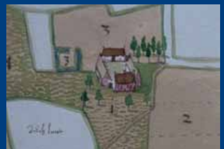
Uittreksel uit een middeleeuwse kaart. Linksonder ligt een partij "dich lant", dus eigendom van de kerkdis...

Info: Abdijmuseum Ten Duinen 1138, Koninklijke Prinslaan 6-8, T 058 53 39 50, www.tenduinen.be
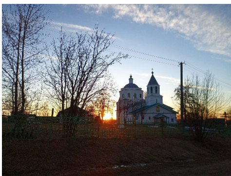
Фото из архива В. Мальцева, с. Ыб.

190 лет назад, в 1835 году в селе Ыб открылась каменная Свято-Вознесенская церковь по проекту ключаря Софийского собора г. Вологды иерея П. Иконникова с тремя престолами – Вознесения, Ильи Пророка и Святого Николая-Чудотворца.
◆ ◆ ◆ ◆ ◆
- **ACTIVITY**
All of the lines above should be retyped precisely, apart from the pictures.

- **WRITTEN SOLUTION**
Uittreksel uit een middeleeuwse kaart. Linksonder ligt een partij "dich lant", dus eigendom van de kerkdis...

Info: Abdijmuseum Ten Duinen 1138, Koninklijke Prinslaan 6-8, T 058 53 39 50, www.tenduinen.be
Фото из архива В. Мальцева, с. Ыб.

190 лет назад, в 1835 году в селе Ыб открылась каменная Свято-Вознесенская церковь по проекту ключаря Софийского собора г. Вологды иерея П. Иконникова с тремя престолами – Вознесения, Ильи Пророка и Святого Николая-Чудотворца.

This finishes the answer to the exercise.